Published by REALTOR Magazine | April 19, 2021
Foreclosure filings in March rose 5% compared to the previous month.
Some housing analysts have grown concerned about what will happen to the real estate market when temporary foreclosure moratoriums are lifted. Will it spark a wave of new foreclosures and lead to a crisis?
Already, foreclosure activity is on the rise, even though the moratoriums are still in place and the government has relaxed requirements for mortgage forbearance due to the COVID-19 pandemic. Foreclosure filings in March rose 5% compared to the previous month, according to ATTOM Data Solution, a real estate analytics firm.
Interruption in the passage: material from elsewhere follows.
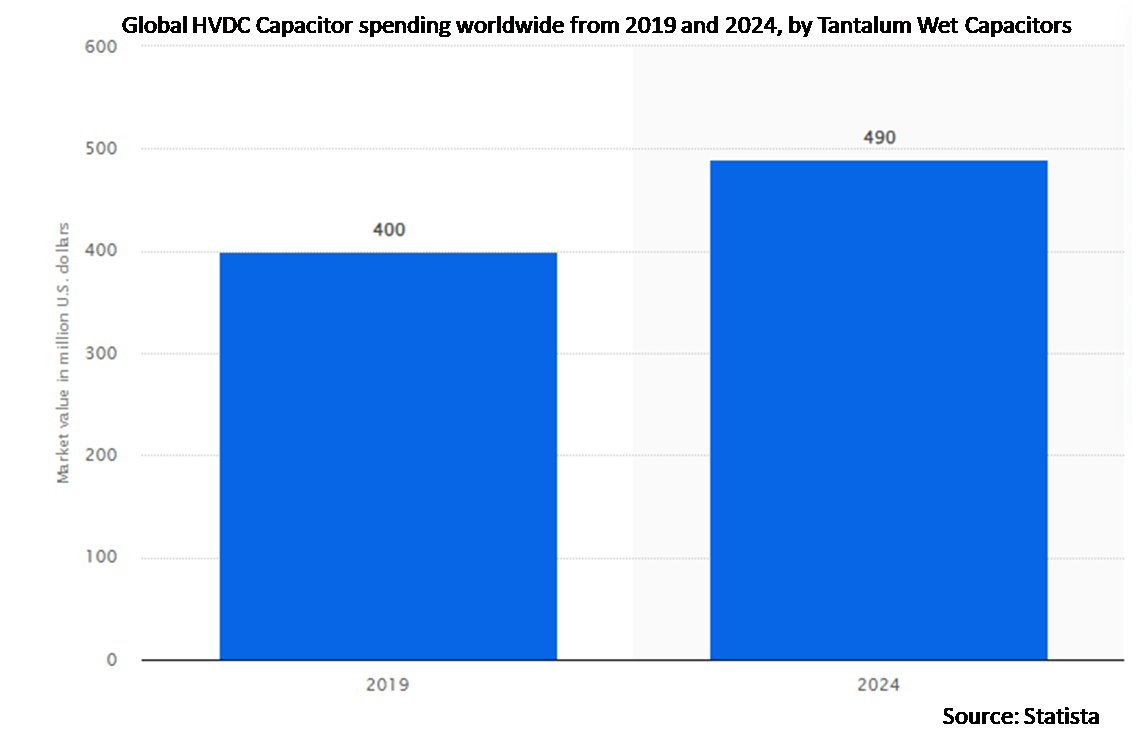 The key component of the HVDC transmission system is an HVDC capacitor is essential for converting AC to DC, moving power between converter stations, and converting DC to AC again so that it may be supplied into the power grid. They aid in preserving voltage stability, enhancing the calibre of the power, and promptly controlling power flow. By quickly controlling the power flow in the transmission lines, they also lessen the chance of short-circuiting current. At the receiving converter station at the end of the HVDC connection, capacitor banks also safeguard and guarantee that the AC output voltage is constant and prepared to be supplied into the electrical grid. As a result, the market is growing due to the rising demand for HVDC transmission systems.
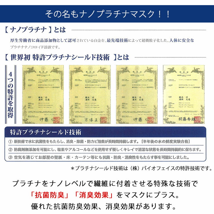 洗っても効果が持続する!抗菌防臭・消臭ナノプラチナマスク 3枚セット ナノプラチナマスク 大人用¥3,000(税抜) 10枚セット KN95規格マスク RESPIRATOR¥4,800(税抜) 4枚セット やわらかひもマスク¥2,000(税抜) 500ml×3本 オーガニックハンドジェル¥4,200 税抜) ■KEY WORD:マスク/mask/抗菌消臭/消臭効果/綿100%/感染/PM2.5/花粉/抗菌/洗濯可能/繰り返し/再利用/エコ/咳/くしゃみ/予防/花粉対策/子ども用/小学生/kids/キッズサイズ/予防/対策/飛沫/拡散防止/小学校/小学生/入学/始業式/

But that slight uptick could be a good thing, analysts note. “The foreclosure moratorium on government-backed loans has virtually stopped foreclosure activity over the past year,” says Rick Sharga, executive vice president of RealtyTrac, an ATTOM Data Solutions company. “But mortgage servicers have been able to begin foreclosure action on vacant and abandoned properties, which benefits neighborhoods and communities. It’s likely that these foreclosures are causing the slight uptick we’ve seen over the past few months.”
Homeowners with federally backed loans could receive up to 18 months of forbearance, but those who received such assistance at the beginning of the pandemic could see those protections lift after September. The Consumer Financial Protection Bureau estimates that could put about 1.7 million homeowners at risk of losing their homes.
“There is a tidal wave of distressed homeowners who will need help.”
—CFPB Acting Director Dave Uejo
But high home prices and growing homeowner equity likely will prevent another foreclosure crisis, housing experts say. Also, a historic housing shortage will keep demand for homes high. For homeowners who are unable to make their house payment, they could sell—potentially for a high profit.